Your instructions:
Every entry below has to appear again in your reply, word for word, but no picture may.

Source information:

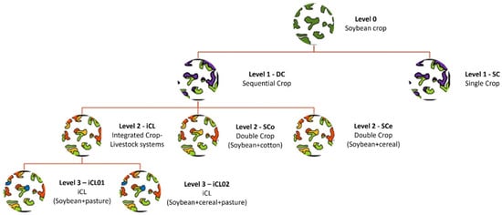 Level 3: The integrated Soybean+Pasture class is separated into two classes: Soybean+Pasture (iCL1) and Soybean+Pasture in association with cereals (iCL2).
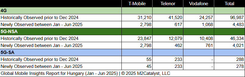 • M2’s dataset for the 1st half of 2025 contains 8,782 newly observed 4G/5G mobile broadband Cell IDs. A more in-depth view of the Cell IDs and their associated details by location over time can be visualized on M2's Crowd SiteIntel platform.
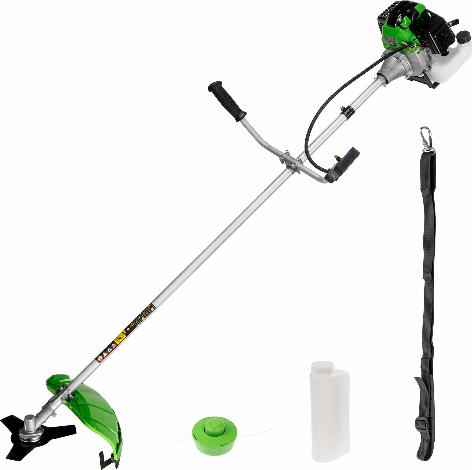 | Подробная комплектация | мотокоса в разборе, инструкция по эксплуатации, одночленный ремень, косильная головка, трехлопастной нож, набор инструментов, емкость для приготовления топливной смеси |
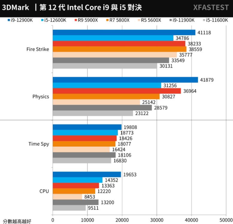 从跑分成绩来看i9-12900K在Fire Strike夺下41118分的总成绩,物理分数也高达41879分,而i5-12600K则是34786分;至于Time Spy测试上,i9-12900K达到19808分的成绩、i5-12600K则有着18773分的性能。
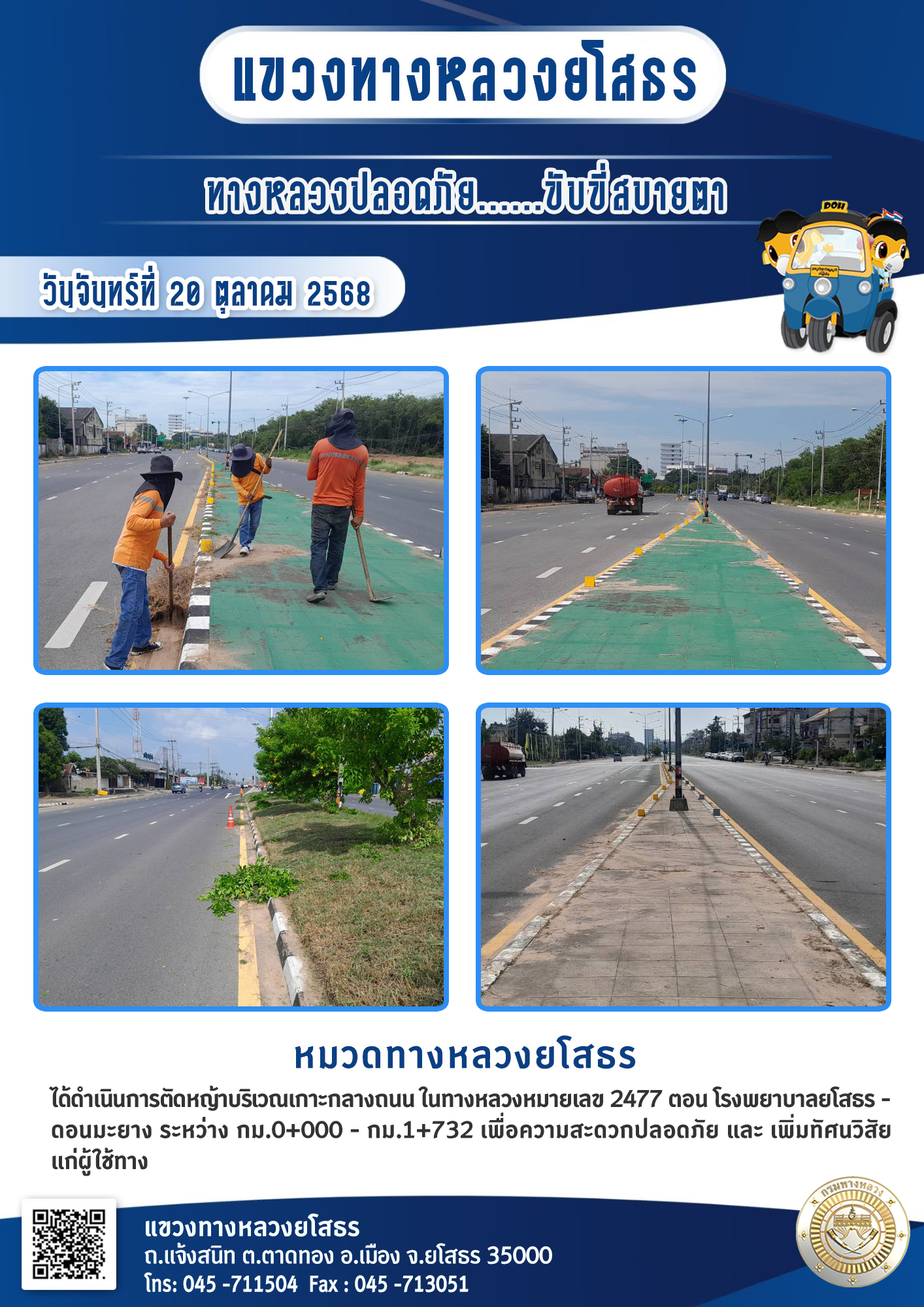 วันจันทร์ที่ 20 ตุลาคม 2568 หมวดทางหลวงยโสธร ได้ดำเนินการตัดหญ้าบริเวณเกาะกลางถนน ในทางหลวงหมายเลข 2477 ตอน โรงพยาบาลยโสรร - ดอนมะยาง ระหว่าง กม.0+000 - กม.1+732 เพื่อความสะดวกปลอดภัย และเพิ่มทัศนวิสัย แก่ผู้ใช้ทาง

Result below:
 Level 3: The integrated Soybean+Pasture class is separated into two classes: Soybean+Pasture (iCL1) and Soybean+Pasture in association with cereals (iCL2).
 • M2’s dataset for the 1st half of 2025 contains 8,782 newly observed 4G/5G mobile broadband Cell IDs. A more in-depth view of the Cell IDs and their associated details by location over time can be visualized on M2's Crowd SiteIntel platform.
 | Подробная комплектация | мотокоса в разборе, инструкция по эксплуатации, одночленный ремень, косильная головка, трехлопастной нож, набор инструментов, емкость для приготовления топливной смеси |
 从跑分成绩来看i9-12900K在Fire Strike夺下41118分的总成绩,物理分数也高达41879分,而i5-12600K则是34786分;至于Time Spy测试上,i9-12900K达到19808分的成绩、i5-12600K则有着18773分的性能。
 วันจันทร์ที่ 20 ตุลาคม 2568 หมวดทางหลวงยโสธร ได้ดำเนินการตัดหญ้าบริเวณเกาะกลางถนน ในทางหลวงหมายเลข 2477 ตอน โรงพยาบาลยโสรร - ดอนมะยาง ระหว่าง กม.0+000 - กม.1+732 เพื่อความสะดวกปลอดภัย และเพิ่มทัศนวิสัย แก่ผู้ใช้ทาง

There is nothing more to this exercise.